— Problem to work on —
Lines containing the string "Relief": how many are there below? Answer with the number only.
(Provided data begins)
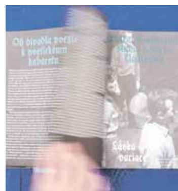
Knihy Činoherní Ústí. Ve znamení kovadliny.
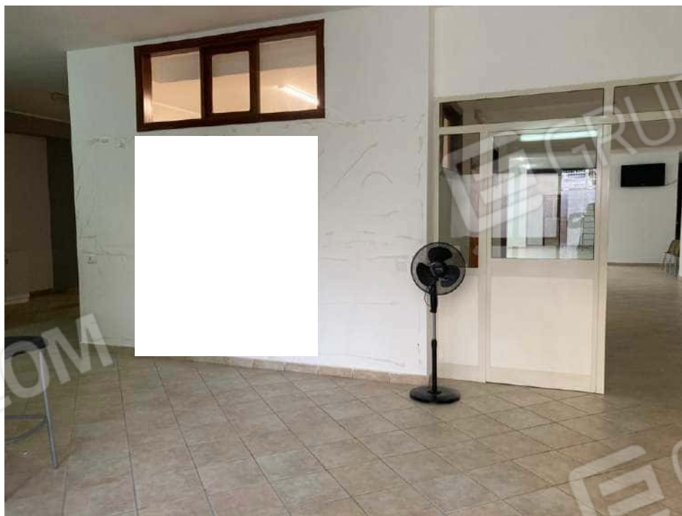
ACCESSO VERSO LA ZONA B4
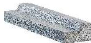
Mini Meio Fio Rebaixado 80x20x12 cm
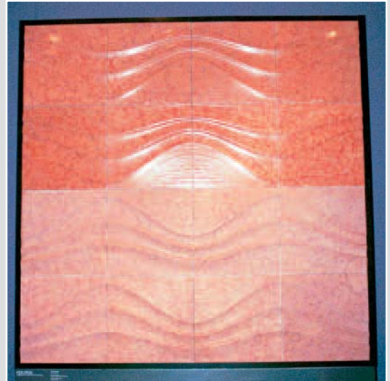
Von Testi Fratelli gefertigtes grafisches Relief, wandhoch, aus ROSSO VERONA, Design: Pongratz Perbellin Architects

Granitglasplatte unter Wasser!) präsentierte die Firma Grein Tec zusammen mit der Firma Planolux (Beleuchtungstechnik). Die innovative Firma war nicht nur in einer Messehalle, sondern auch in der großen Ausstellung »Citadella di Marmo Art Cultura« im Palaexpo-Gebäude über dem Messeingang präsent. Dort hatte sie ihr Produkt im wahrsten Sinne des Wortes auf die Bühne gebracht: Ein Pianist und ein Cellist spielten vor einer hinterleuchteten Granitglaswand (Granit RED MULTICOLOR).
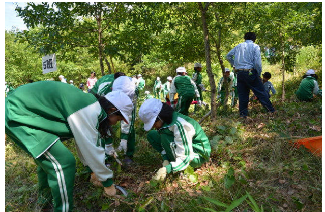
猪子山森林再生プロジェクト 6月14日
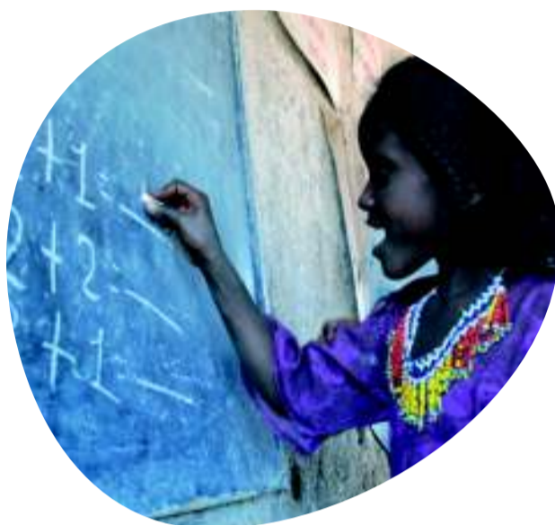
1 Stand: Februar 2012

Islamic Relief bietet Ihnen zwei verschiedene Möglichkeiten, Waisenkindern zu helfen: durch eine 1:1-Patenschaft oder den Waisenfonds.
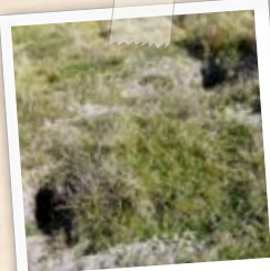
Terriers de lapin en milieu dur
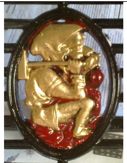
ANTIGUO LOGO DE WERTHEIM
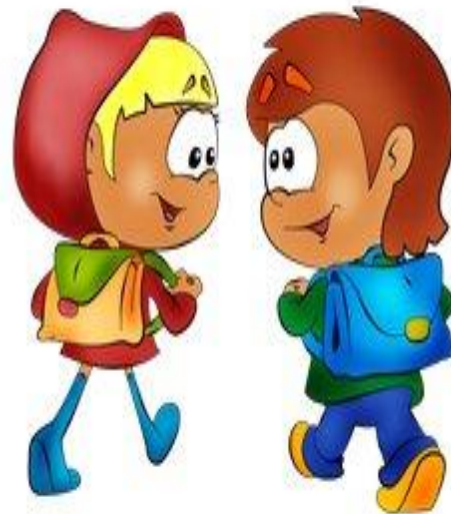
Дорога в школу
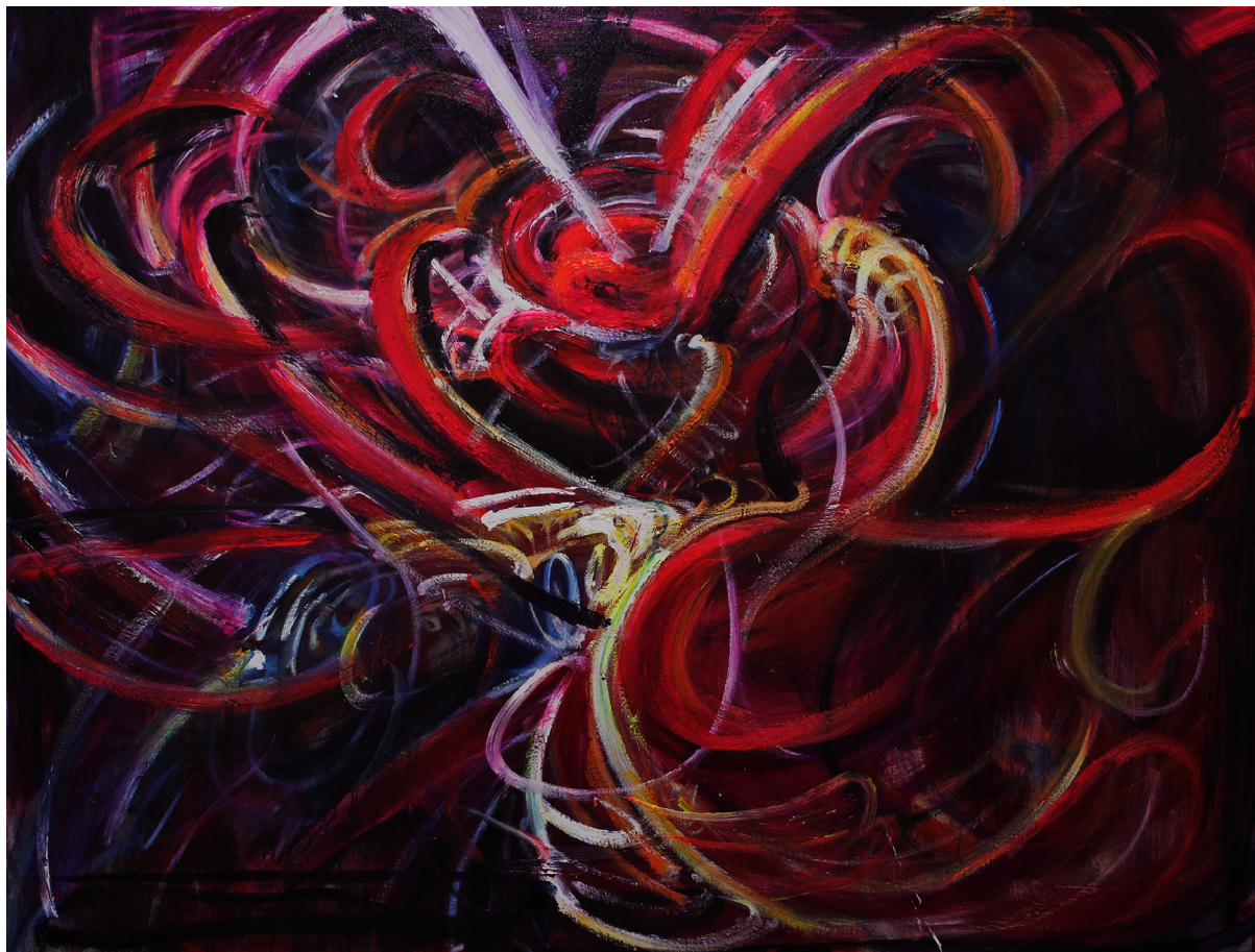
《秩序与混乱并存》 120 x 160 cm 布面油画 2023 Order and Chaos 120 x 160 cm Oil on canvas 2023
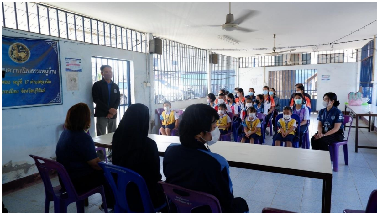
ประชุมวางแผนปรึกษาหารือเกี่ยวกับการระดมทุนให้กับคนยากไร้และคนชรา
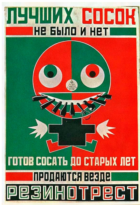
«Кращих сосок не було і немає ...» 1923 рік. рік
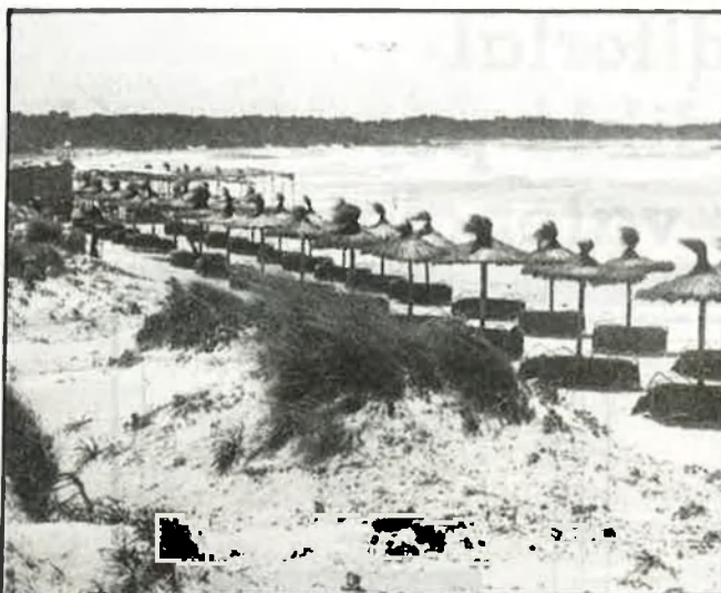
La platja d'Es Trenc, un punt de conflicte
(Provided data ends)
— Problem solution —
2